Arthur Chevallier – Avec Zemmour, la faim de l’Histoire : L’Histoire doit-elle être falsifiée pour être restaurée ? Grâce à Éric Zemmour, les historiens sont, depuis un mois, consultés, interviewés, mieux encore, écoutés. Femmes et hommes politiques, journalistes, commentateurs, autant d’historiens du dimanche passionnés et méconnus jusqu’à aujourd’hui, le répètent : non, ça ne s’est pas passé comme ça.
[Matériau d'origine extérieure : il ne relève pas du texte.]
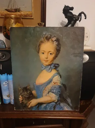 Pintura al óleo de una niña con un gato, inspirada en el estilo de Perroneau. La obra presenta una paleta de colores suaves y un retrato detallado. - Estilo: Clásico - Técnica: Óleo sobre lienzo - Motivo: Retrato infantil con animal

La France semble tout à coup redevenue un sujet de première importance. S’il est incontestable qu’Éric Zemmour falsifie l’Histoire, il est non moins incontestable que son discours a prospéré sans rencontrer d’entrave pendant des années. Si on le contredit, c’est toujours du point de vue de la morale, et rarement du point de vue de la culture. Il y avait pourtant beaucoup à dire. Quant à sa rhétorique malhonnête, comment en expliquer l’écho ? Ses électeurs potentiels n’adhèrent peut-être pas à sa lecture de l’antisémitisme de l’État français, mais force est de constater qu’elle ne les repousse pas. Et si ce phénomène était la conséquence d’un abandon de l’Histoire par une opinion désormais obnubilée par les idéologies ? Bref, comment en est-on arrivés là ?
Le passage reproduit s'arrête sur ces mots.